(Exercise data):
****

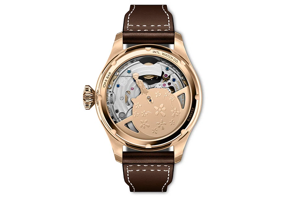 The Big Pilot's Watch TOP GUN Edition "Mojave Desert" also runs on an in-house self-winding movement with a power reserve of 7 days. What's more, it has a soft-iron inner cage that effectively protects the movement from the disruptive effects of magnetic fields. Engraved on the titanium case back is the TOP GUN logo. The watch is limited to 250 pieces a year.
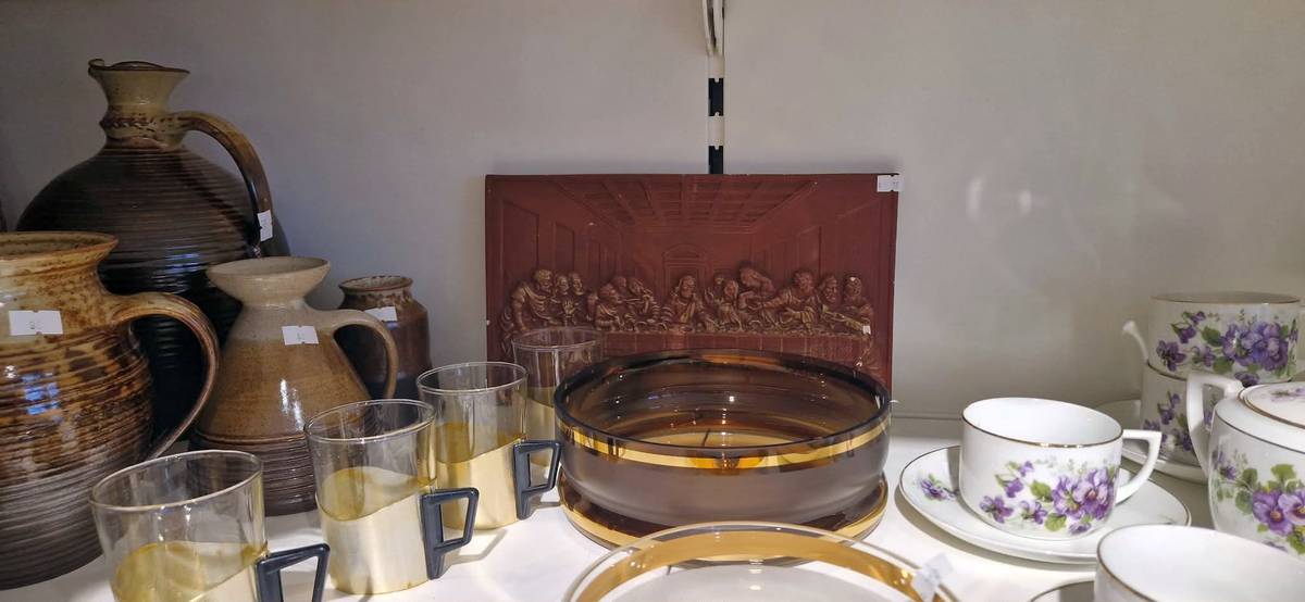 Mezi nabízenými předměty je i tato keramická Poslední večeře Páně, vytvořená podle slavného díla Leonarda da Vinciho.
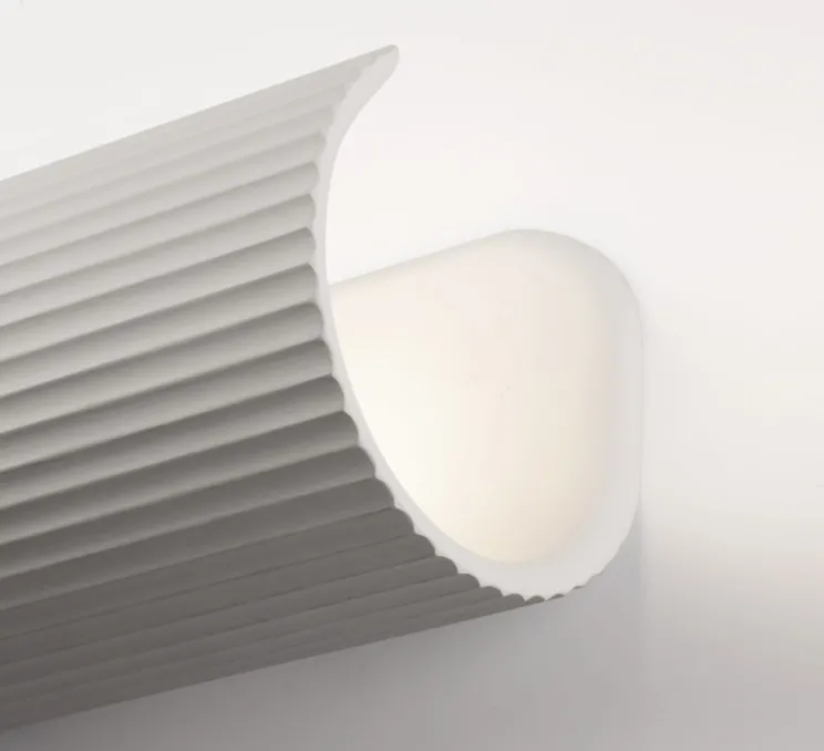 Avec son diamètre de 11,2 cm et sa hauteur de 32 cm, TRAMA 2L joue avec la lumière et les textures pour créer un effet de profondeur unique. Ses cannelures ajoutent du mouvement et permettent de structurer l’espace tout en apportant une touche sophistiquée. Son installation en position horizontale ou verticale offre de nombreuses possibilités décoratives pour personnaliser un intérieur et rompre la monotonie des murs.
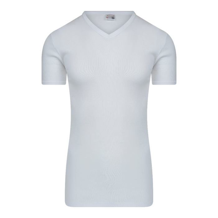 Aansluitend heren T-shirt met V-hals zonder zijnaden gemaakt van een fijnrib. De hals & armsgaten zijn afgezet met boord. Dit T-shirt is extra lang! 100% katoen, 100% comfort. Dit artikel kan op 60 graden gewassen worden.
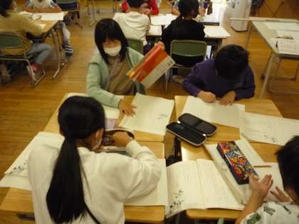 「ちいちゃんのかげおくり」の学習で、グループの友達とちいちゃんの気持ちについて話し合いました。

****

Every line from the one holding "Mezi nabízenými předměty" through the end of the records above must be reproduced verbatim, pictures excepted.

(Output):
 Mezi nabízenými předměty je i tato keramická Poslední večeře Páně, vytvořená podle slavného díla Leonarda da Vinciho.
 Avec son diamètre de 11,2 cm et sa hauteur de 32 cm, TRAMA 2L joue avec la lumière et les textures pour créer un effet de profondeur unique. Ses cannelures ajoutent du mouvement et permettent de structurer l’espace tout en apportant une touche sophistiquée. Son installation en position horizontale ou verticale offre de nombreuses possibilités décoratives pour personnaliser un intérieur et rompre la monotonie des murs.
 Aansluitend heren T-shirt met V-hals zonder zijnaden gemaakt van een fijnrib. De hals & armsgaten zijn afgezet met boord. Dit T-shirt is extra lang! 100% katoen, 100% comfort. Dit artikel kan op 60 graden gewassen worden.
 「ちいちゃんのかげおくり」の学習で、グループの友達とちいちゃんの気持ちについて話し合いました。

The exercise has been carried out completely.